Reproduce the material below line by line, beginning with its first line and ending with the line that contains "KPM31A | IUCosφ"; leave out pictures.

(Given data):
------------------------------------

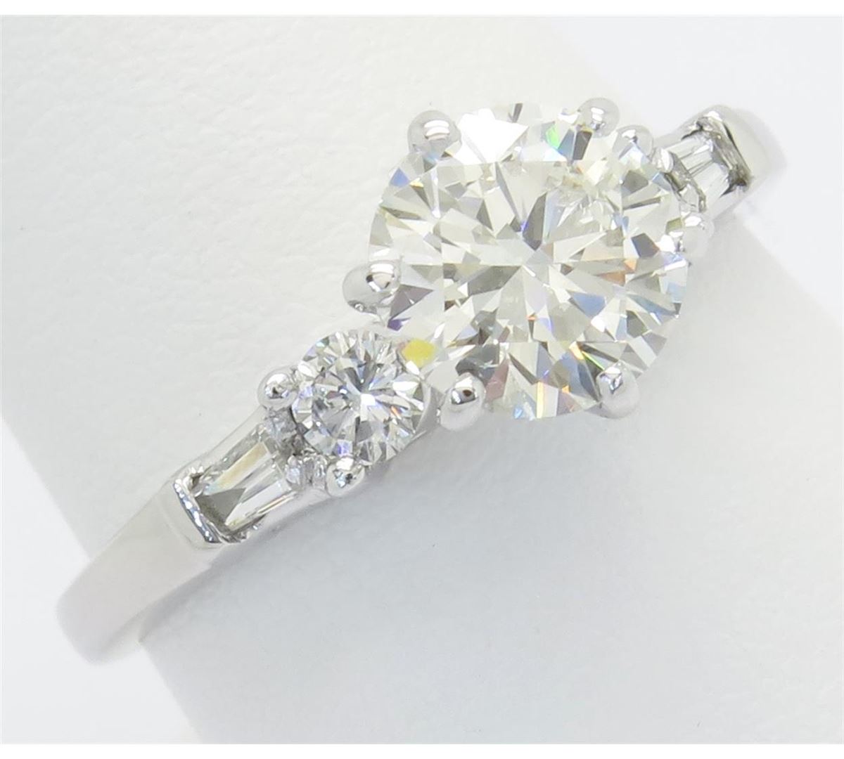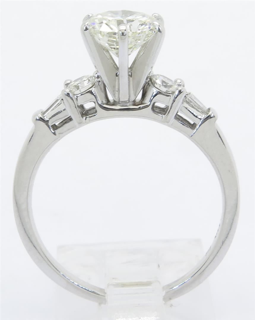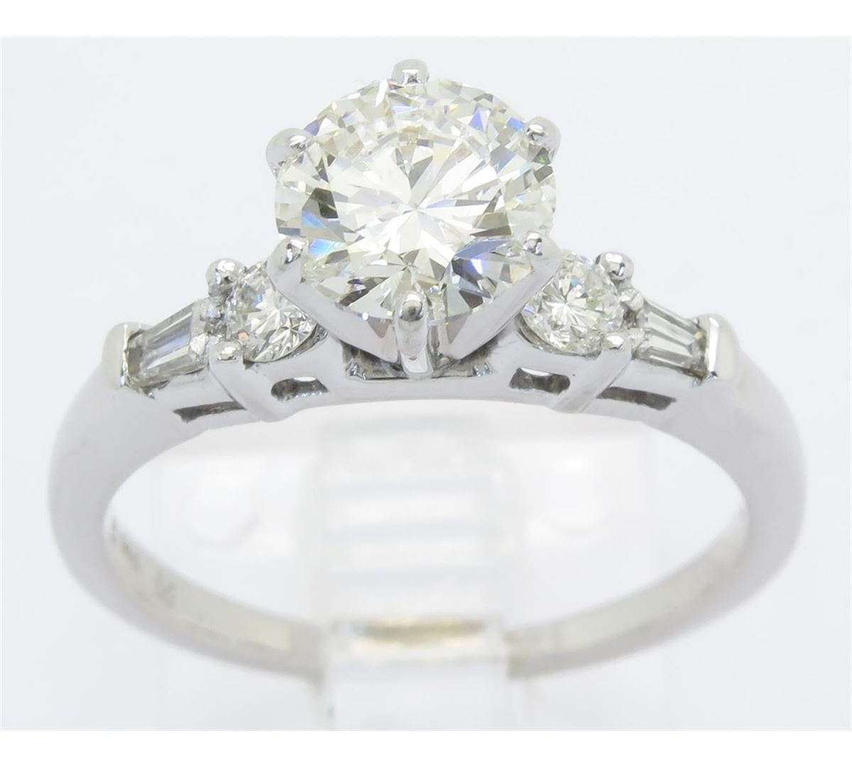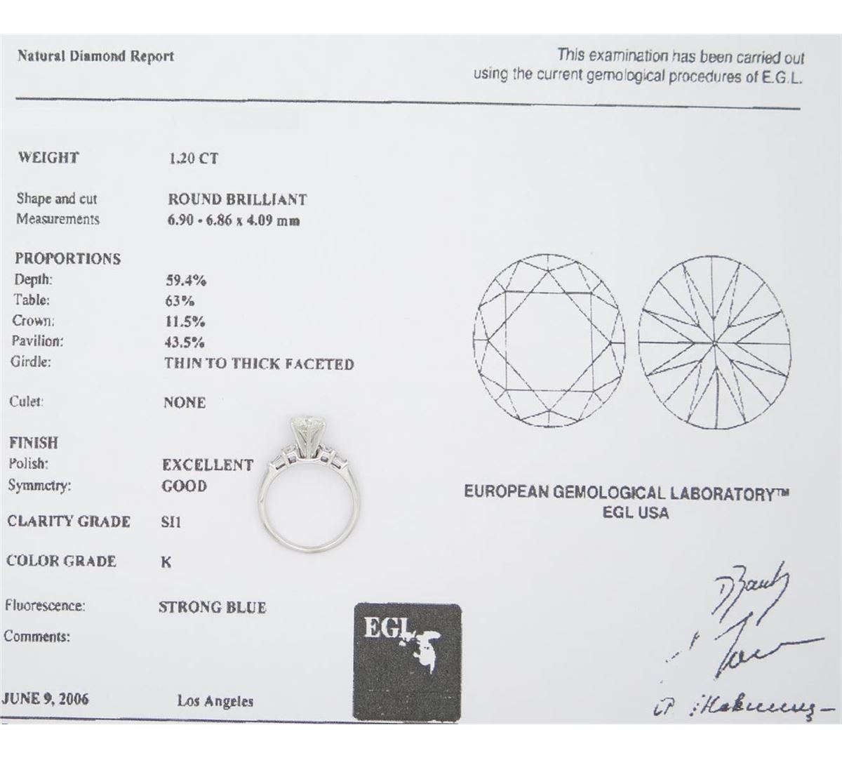 One tested 14K white gold diamond ring. Containing: One prong set EGL USA Certified Round Brilliant Cut Diamond, Size: 1.20CT, Clarity: SI1, Color: K. Two Round Brilliant Cut Diamonds, two Tapered Baguette Cut Diamonds. Total weight of 5 diamonds:1.50CTW. All diamonds are graded in the mounting unless otherwise stated. Weight of ring: 3.4 grams, Size: 6.25. EGL USA Appraised.
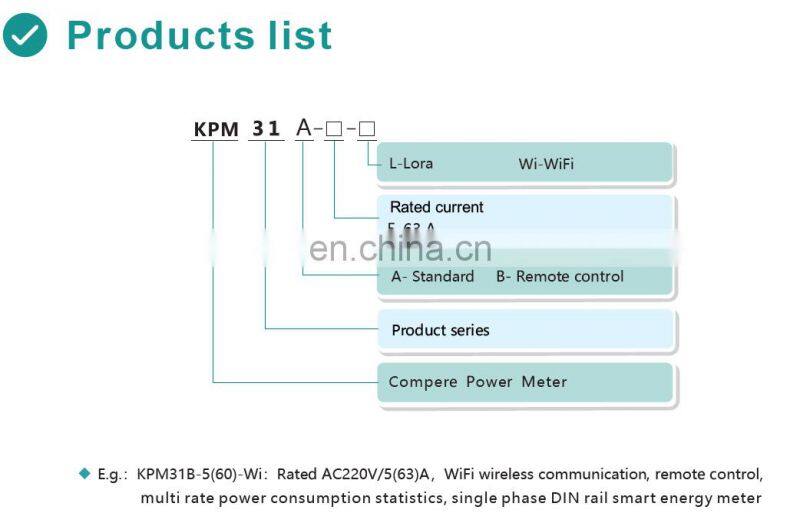 KPM31A | IUCosφ kWkvarkWhkvarhf;Multi-rate statistics, historical electricity statistics | / | RS485/WIFI | Din rail | ||||
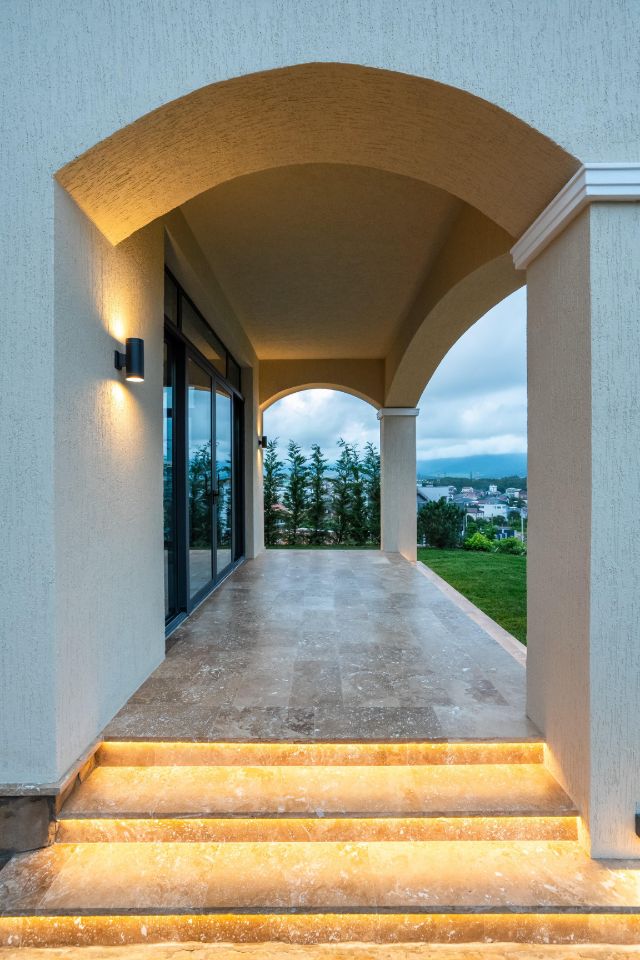 Цокольный этаж спроектирован таким образом, чтобы вместить спальни для обслуживающего персонала, раздевалку для гольфа и уютный хамам с сауной. Кроме того, здесь расположено большое пространство, которое может стать бильярдной, домашним кинотеатром или спортивным залом — всё зависит от ваших предпочтений.
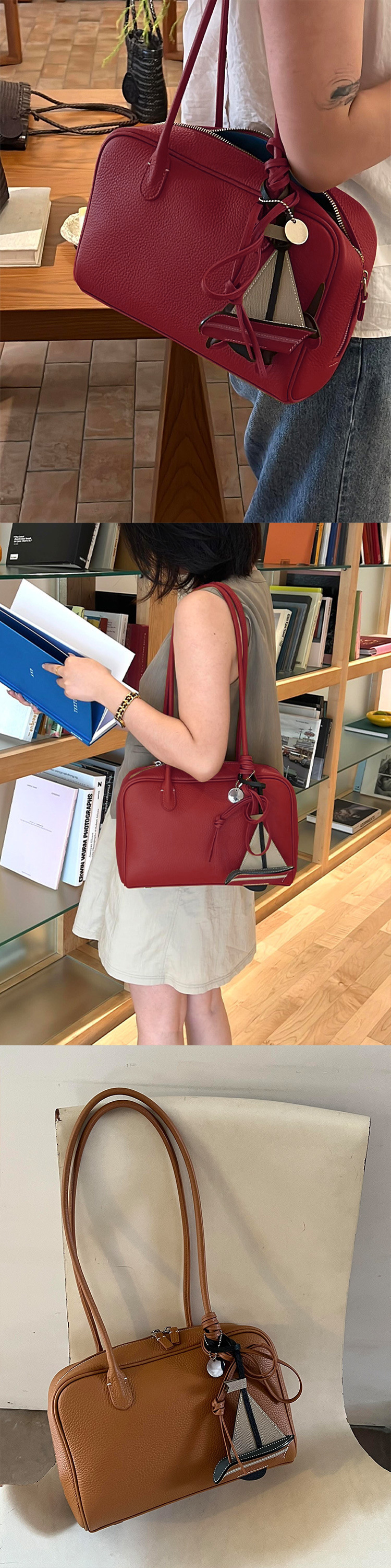 • 레드 통근 숄더백

------------------------------------

(Written answer):
 One tested 14K white gold diamond ring. Containing: One prong set EGL USA Certified Round Brilliant Cut Diamond, Size: 1.20CT, Clarity: SI1, Color: K. Two Round Brilliant Cut Diamonds, two Tapered Baguette Cut Diamonds. Total weight of 5 diamonds:1.50CTW. All diamonds are graded in the mounting unless otherwise stated. Weight of ring: 3.4 grams, Size: 6.25. EGL USA Appraised.
 KPM31A | IUCosφ kWkvarkWhkvarhf;Multi-rate statistics, historical electricity statistics | / | RS485/WIFI | Din rail | ||||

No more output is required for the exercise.